With the help of genetic-based tools and approaches, several recent mouse studies have shown that optogenetic and chemogenetic stimulation of dopamine neurons in the VTA promotes wakefulness. Contrary to optogenetic stimulation (Qiu et al. 2016c), chemogenetic stimulation of SNc dopaminergic neurons has no effect on sleep (Eban-Rothschild et al. 2016; Oishi et al. 2017). The differences in the findings may stem from the different dopamine neuron populations activated by the different methods. In consideration of the complexity of the neural circuits relating to the basal ganglia, SNc dopamine neurons not only innervate the CPu, but also innervate the STN, SNr/GPi and even brainstem nuclei, such as the mesencephalic locomotor command regions (Grillner and Robertson 2016). Though Oishi et al. used dopamine transporter (DAT)-Cre mice to ensure that their findings were specific to SNc dopamine neurons, however, multiple SNc dopaminergic pathways may have a combined effect on arousal. In order to elucidate the role of specific dopamine pathways inside the BG (nigrostriatal pathway and mesolimbic pathway) in sleep, we used a combinatorial viral-based retrograde-activation approach. Using this approach, we demonstrated that chemogenetic activation of nigrostriatal pathway increased sleep and cortical EEG delta power, while chemogenetic stimulation of mesolimbic pathway had the opposite effect. Together, these results suggest that midbrain dopamine pathways targeting the basal ganglia have opposite roles in sleep-wake regulation.

RESULTS

Chemogenetic stimulation of dopamine nigrostriatal pathway promotes sleep.

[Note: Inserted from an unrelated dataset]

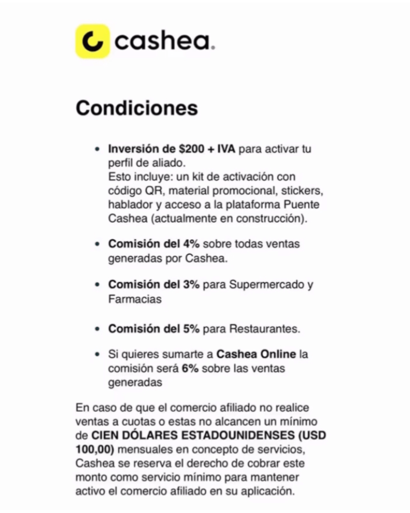 Sin embargo, la empresa también ha establecido una política de mantenimiento. En caso de que un comercio afiliado no realice ventas a cuotas o estas no alcancen un mínimo de CIEN DÓLARES ESTADOUNIDENSES (USD 100,00) mensuales en concepto de servicios, Cashea se reserva el derecho de cobrar este monto como servicio mínimo para mantener activo al comercio en su aplicación.

To determine the role of nigrostriatal dopamine neurons in sleep-wake regulation, we injected a retrograde viral vector AAV6-cre (Towne et al. 2008; Towne et al. 2010) into the CPu and cre-dependent AAV8-hM3Dq (AAV8-DIO-hM3Dq:mCherry) into the SNc to selectively insert hM3Dq receptors in SNc dopamine neurons that project to the CPu (Figure. 1A). The hM3Dq receptors expression in SNc dopamine neurons was verified by immunohistology (anti-dsRed) or directly visualized by the fusion reporter mCherry (red color) under the fluorescent microscope (Figure 1, BF). Two animals were excluded from the group analysis, as few expression of hM3Dq-mCherry was observed in one side of the SNc. The specific insertion of hM3Dq receptors in SNc dopamine neurons were further confirmed by anti-tyrosine hydroxylase (TH) immunohistochemistry staining (supplementary figure 1), such that mCherry (red fluorescence) was expressed in SNc TH-positive neurons (green color). The AAV6-cre injections in the CPu and retrograde AAV6-cre in the SNc were verified by cre immunostaining (Figure 1, BD). In the CPu, robust mCherry labeled terminals exclusively from the SNc were clearly seen (Figure 1, D and E). Activation of SNc dopamine (nigrostriatal) neurons by clozapine-N-oxide (CNO; 0.2mg/kg) was confirmed by intense nuclear c-Fos immunofluorescence (green fluorescence) in mCherry expressed SNc dopamine neurons (red fluorescence) (Figure 1F).

Figure 1. Chemogenetic stimulation of nigrostriatal dopamine neurons.

Figure 1.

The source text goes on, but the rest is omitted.